In the near term, biodiesel offers the most practical drop-in pathway for reducing fossil-diesel use. Bioethanol blends provide additional emissions reductions where blending infrastructure exists, but they depend on co-solvents or minor fuel-handling changes. Advanced drop-ins like SAF promise seamless substitution in the long run but will require major capital investment and scaling before they become cost competitive.

5.3. Emission factors#

Across a range of organic feedstocks, the full lifecycle emissions of biomethane which covers production, upgrading, distribution, and end-use averages around 17 kgCO₂e per GJ. This represents roughly a 70% reduction compared with conventional fossil gas, which has an emissions intensity of about 57 kgCO₂e per GJ including transmission and combustion. Most of the remaining emissions from biomethane arise from methane slip during biogas generation and upgrading. Minimising these fugitive emissions is therefore the most critical factor in improving the climate performance of biogas pathways.

For biomethane and other biofuels derived from organic waste streams that would otherwise decompose (e.g. landfill-bound food waste, wastewater sludge, industrial organics), the net climate benefit is even greater. In these cases, capturing the biogenic methane and converting it into renewable fuel avoids substantial methane emissions that would have occurred under business-as-usual conditions. As a result, the net lifecycle emissions can be negative, depending on system boundaries and avoided-emissions accounting.
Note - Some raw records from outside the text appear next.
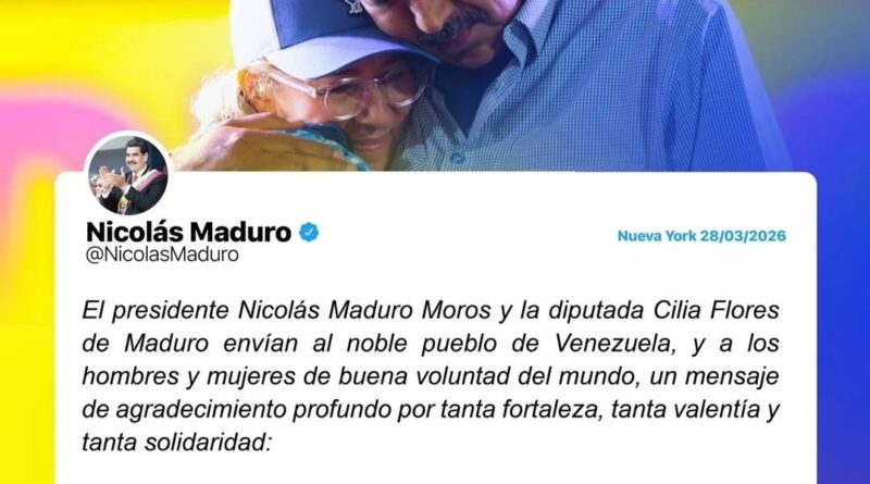 Imagem da postagem de Nicolás Maduro nas redes sociais, em 28 de março de 2026.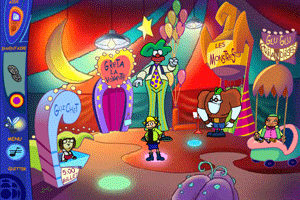 1:先进去,在高个子小丑脚下找到一瓶HE气,然后到卖糖果的小贩那里把钱给他(从物品里拖到他身上)。2:在三个糖果中选择粉色的那个,把粉色的那个对自己使用(拖到自己身上),会得到几块口香糖。3:再到卖票的那个妇女那里,地上有碎票,但是只能拼出一张完整的。拼好后在物品栏里把口香糖拖到票上,就会粘成一张完整的票,然后就去那个看怪物的地方,把票投进收票箱。4:进到里面,先去最里面的房间。先把插头插上,然后点那两个人,在这里要输入密码开琐,密码就在三个房间门的上方,开了后,他们会送你水晶球和吸铁石。5:然后去第二个房间,看见水缸里有个人,把底上的鱼竿捡起来,在物品栏里和吸铁石组合在一起,然后再进到里面,会看见氧气输送装置先把HE气接到最右边的管道(就是上方有个盖子开着的那个)然后把盖子盖上。6:把左下方的管子接起来.目标是让HE气通到较大的轮子上使它转动。记住轮子只要转动一次就可以。把口香糖粘在压缩装置上,点HE气瓶的开关处,看着气的流向转动其他的管子,有的是气刚通过就要换方向,把气导向压缩装置那里就行了。7:成功后缸里的人被吹胀了,用加了吸铁石的鱼竿把镜子吸上来。去第一个房间,看到长胡子的女人。拉下开关打开玻璃罩,把镜子给她看,她会吓跑并留下胡子,捡胡子后打开箱子,从里面的梯子下去。戴上胡子,从看门人身边经过。8:进到占卜女人的车里,把水晶球给她。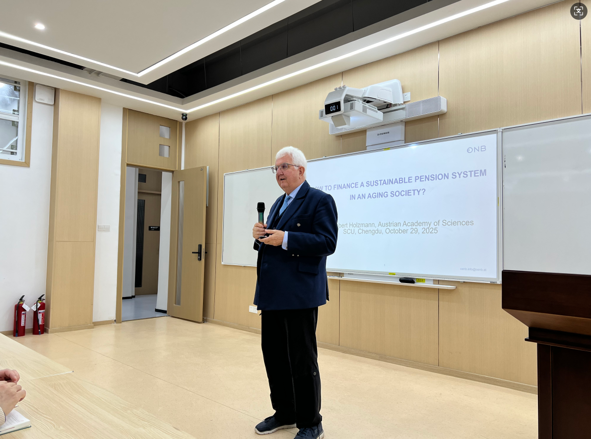 2025年10月29日上午,受劳动与社会保障系邀请,奥地利科学院院士、前奥地利央行行长、原世界银行社会保护部部长罗伯特·霍尔兹曼教授到访williamhill体育官网开展学术讲座。院长夏志强教授代表学院对霍尔兹曼教授的到访表示了诚挚欢迎。劳动与社会保障系教师及硕博士研究生参加了此次讲座。讲座由劳动与社会保障系蒲晓红教授主持。

Table 104 Summary of GHG Emissions Intensity[2]#

Gas

Emissions intensity (kgCO2e/GJ)

Biomethane from AD

19

Biomethane from landfill gas

10

Natural gas

57

In the current TIMES-NZ model, biogas and biomethane pathways are modelled with zero combustion and production emissions, meaning no explicit CO2, CH4, or fugitive emissions are assigned to either the combustion technologies or the biogas production.